» RECORDS SHOWN:
-=-=-=-=-

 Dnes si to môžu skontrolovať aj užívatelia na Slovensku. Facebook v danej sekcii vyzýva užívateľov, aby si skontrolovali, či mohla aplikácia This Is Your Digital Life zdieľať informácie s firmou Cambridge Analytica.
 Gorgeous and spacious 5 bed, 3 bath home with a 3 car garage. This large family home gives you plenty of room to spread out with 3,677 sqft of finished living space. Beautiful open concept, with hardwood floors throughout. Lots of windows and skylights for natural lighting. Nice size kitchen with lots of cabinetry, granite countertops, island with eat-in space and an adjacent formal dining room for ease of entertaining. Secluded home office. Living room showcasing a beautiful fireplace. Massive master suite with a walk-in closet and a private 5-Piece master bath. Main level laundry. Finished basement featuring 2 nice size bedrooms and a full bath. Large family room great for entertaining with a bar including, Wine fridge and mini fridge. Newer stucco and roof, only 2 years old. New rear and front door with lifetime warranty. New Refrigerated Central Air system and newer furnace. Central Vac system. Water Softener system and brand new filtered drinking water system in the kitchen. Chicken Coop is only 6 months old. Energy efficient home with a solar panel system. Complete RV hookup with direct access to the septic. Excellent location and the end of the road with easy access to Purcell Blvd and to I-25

-=-=-=-=-

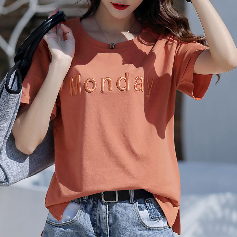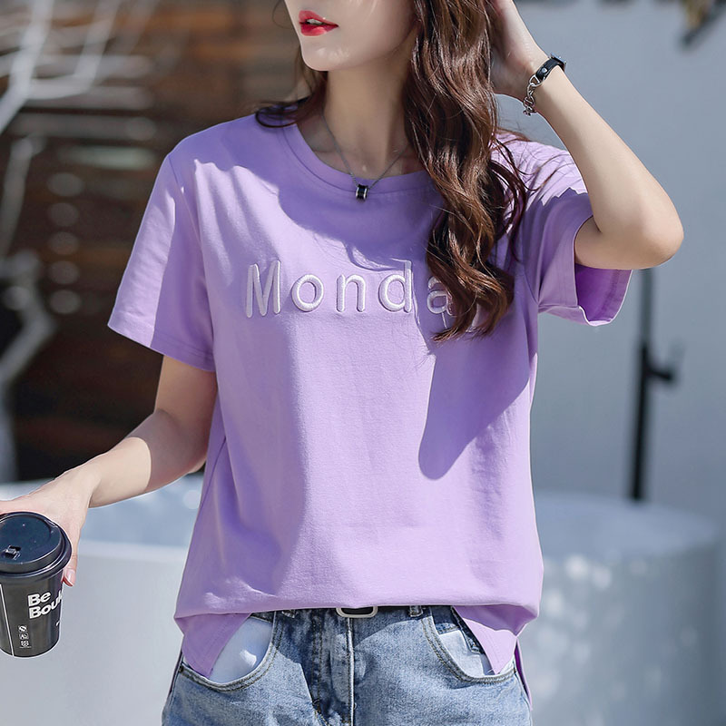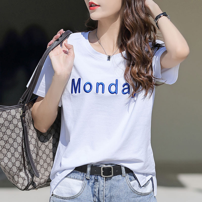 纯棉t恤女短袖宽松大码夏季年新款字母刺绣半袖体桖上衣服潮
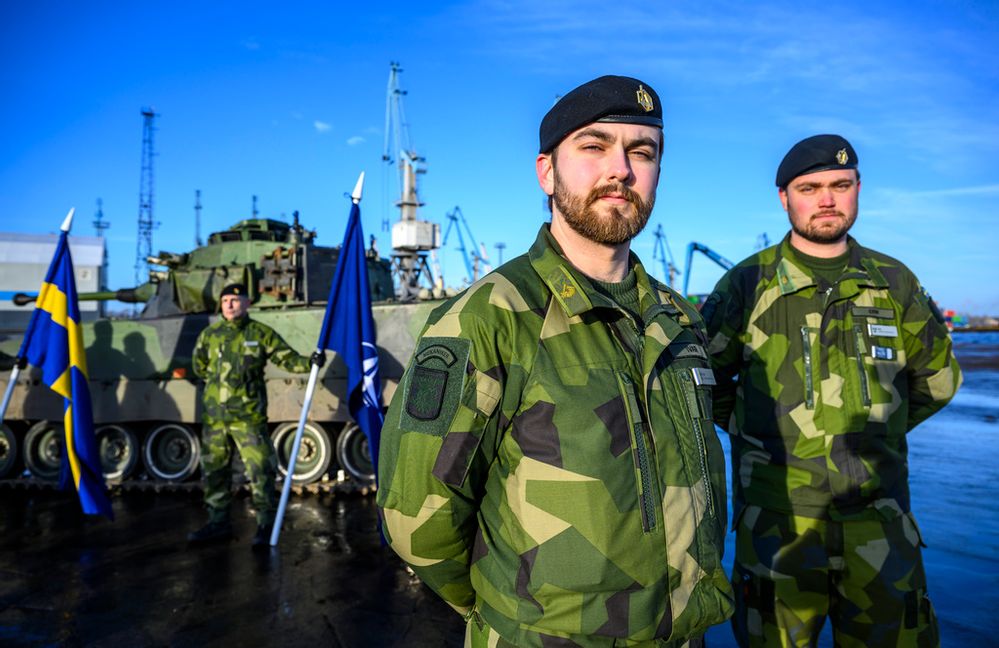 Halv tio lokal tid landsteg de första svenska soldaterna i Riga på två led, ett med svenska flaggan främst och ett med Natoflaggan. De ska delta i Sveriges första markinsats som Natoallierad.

-=-=-=-=-

» WORK INSTRUCTION:
Taking the entries above, extract every line from the one bearing "纯棉t恤女短袖宽松大码夏季年新款字母刺绣半袖体桖上衣服潮" through the one bearing "Halv tio lokal", exactly, with no pictures.

» RESPONSE FOR THIS EXERCISE:
 纯棉t恤女短袖宽松大码夏季年新款字母刺绣半袖体桖上衣服潮
 Halv tio lokal tid landsteg de första svenska soldaterna i Riga på två led, ett med svenska flaggan främst och ett med Natoflaggan. De ska delta i Sveriges första markinsats som Natoallierad.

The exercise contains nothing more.